Errors and provider behaviour

FamilyTypePurpose
Provider errorsCounterProvider-side failures normalised into the gateway's error categories
Gateway errorsCounterGateway-side failures, such as malformed requests or unknown models
Rate-limit responsesCounterThe subset of provider errors classified as rate-limit responses (HTTP 429)
Timeout responsesCounterThe subset of provider errors classified as timeouts

Standard labels

Every metric family carries the same core label set. Where the cardinality cost is acceptable, additional labels are exposed for finer-grained queries.

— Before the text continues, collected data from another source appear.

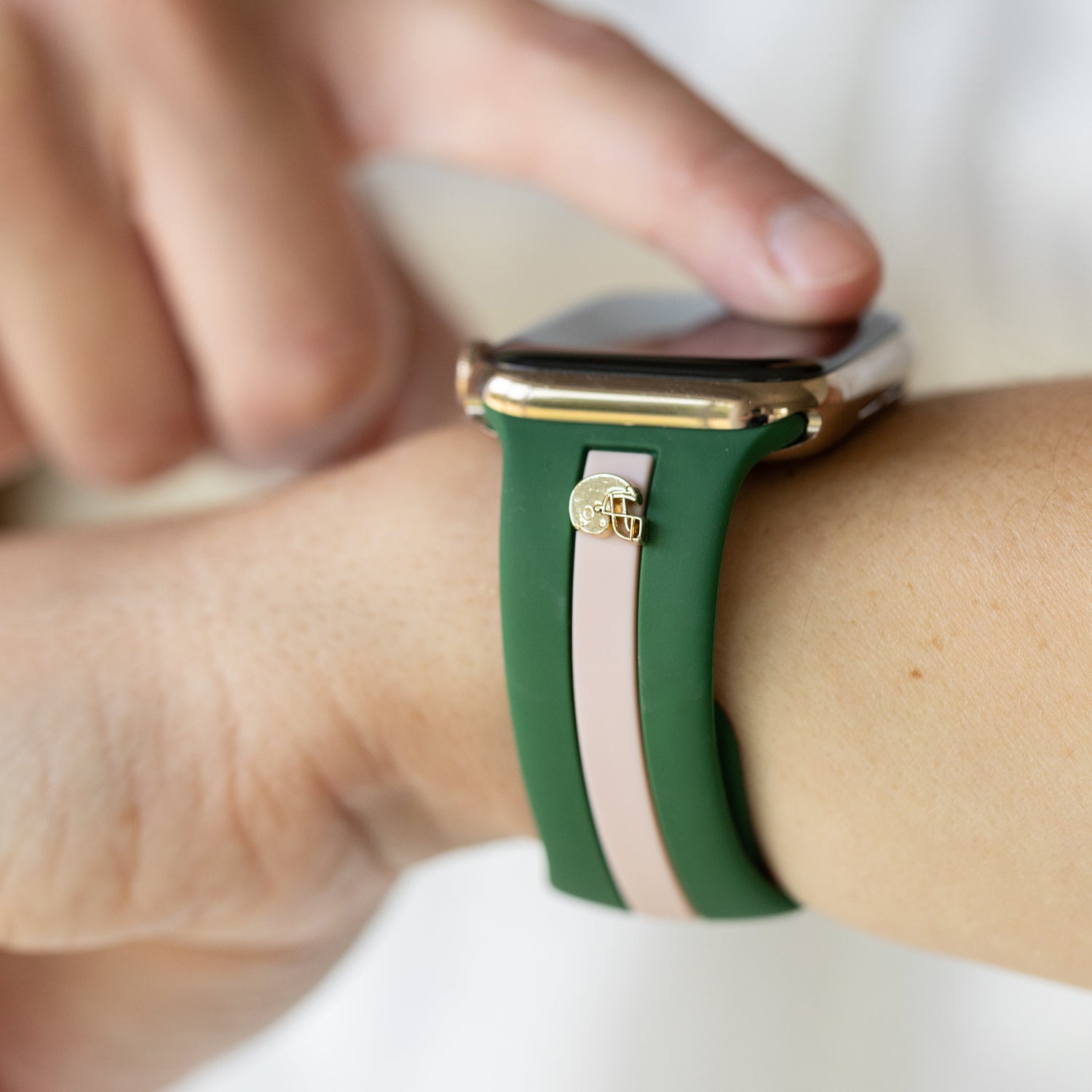 There’s no other way to support your team than with a unique, classy touch on your wrist. Our Football Fever band is a molded dual-color silicone band. It’s a high-quality Apple Watch Band with exquisitely detailed football helmet charms on one side or the cutest footballs. Switch out your Apple Watch Band and support your team!!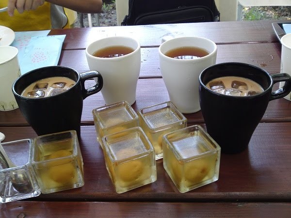 餐後還有飲料:白杯子的是冰花茶,喝起來就像茉莉蜜茶;黑杯子的是冰咖啡,還有甜點─梅凍。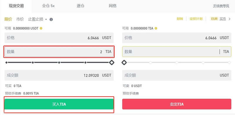 4.在现货交易区搜索TIA/USDT交易对,输入购买数量完成交易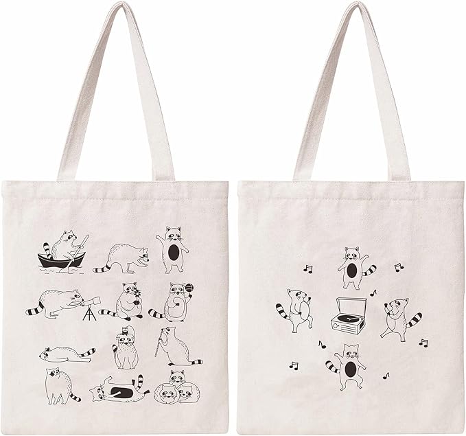 Raccoon Tote Bag Funny Tote Bag Cute Cotton Canvas Bag for Women Gift Reusable Grocery Bag Shopping Beach Shoulder Bag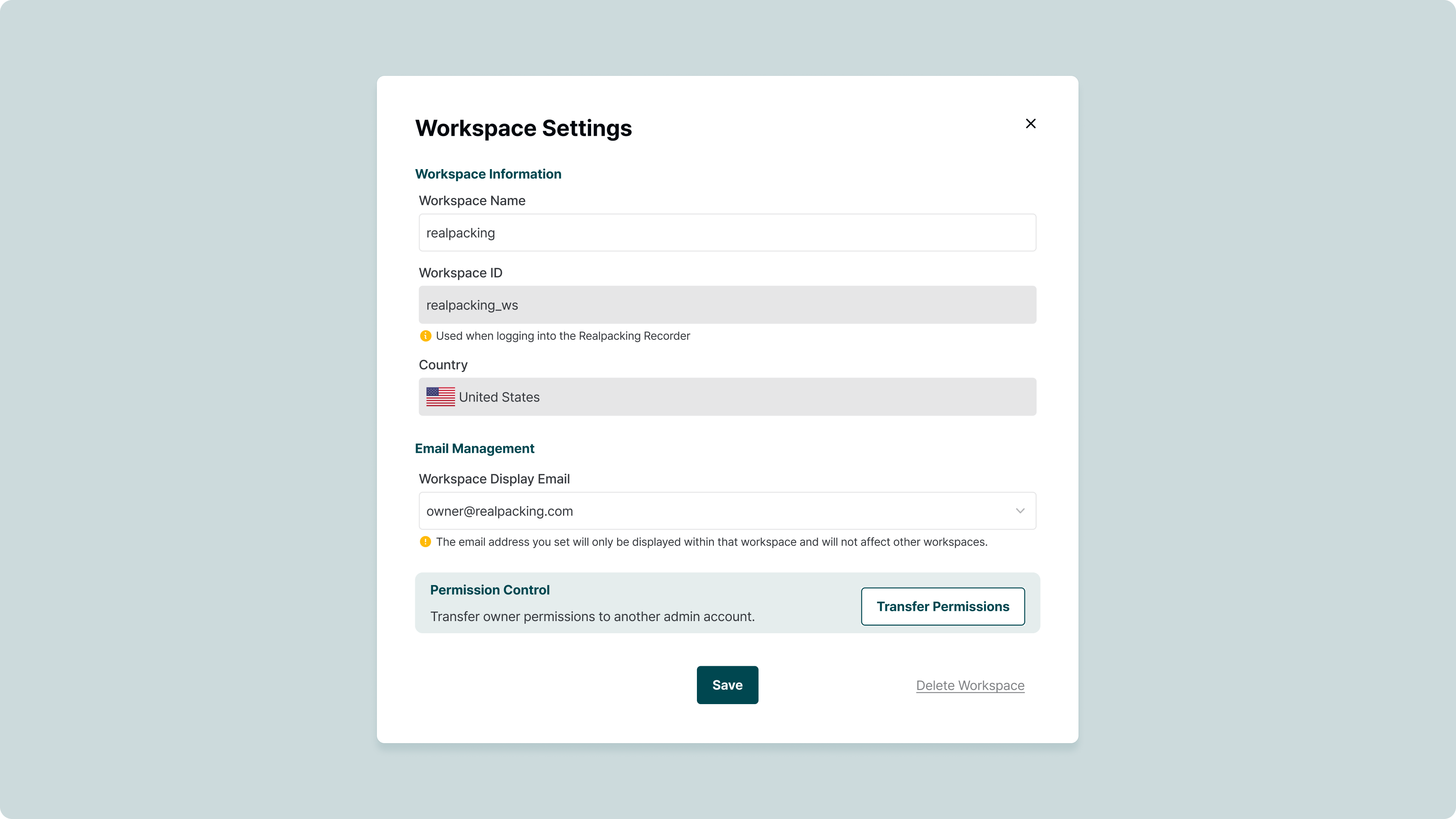 Email Management | The email address set will only be displayed within that specific workspace and will not affect other workspaces. |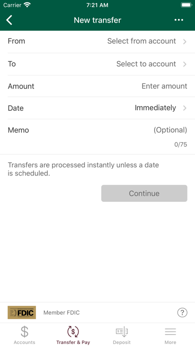 The app uses the same bank-level security that protects online banking. No personal or confidential information is stored on your mobile device.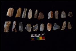 | Description / विवरण | Specimen of flakes tool with prominent flaking marks. It made up of a short flakes with sides trimmed. |

LabelCardinalityDescription
instance_nameLowThe platform instance name, useful when multiple instances export to the same destination
resolved_modelMediumThe model that served the request, post-routing
resolved_providerLowThe provider that served the request, post-routing
api_key_idHighThe API key identifier; bound by the number of keys in the deployment
http_statusLowThe HTTP status code returned to the client
requested_modelMediumThe model the client asked for, before routing resolution. Present where it differs from resolved_model

High-cardinality labels (api_key_id, requested_model) are valuable for per-key dashboards and chargeback reporting but expensive in some metrics backends. Where cardinality is a constraint, the in-Console Usage Analytics surface aggregates the same dimensions internally without requiring the labels to be exported.


Sampling

Trace sampling is configured on the OTel Export screen. The default is 100 %; high-volume production deployments typically sample lower. Metrics are not sampled; every request is counted in every relevant family, regardless of the trace sampling rate.

For a deployment that sets the sampling rate below 100 %, traces are a sample of the activity and metrics are the complete record. Investigations that need every request (forensic audit, billing reconciliation) should use Request Logs or the metric stream rather than the trace stream; investigations that need execution detail (latency breakdown, fallback walks) use the trace stream.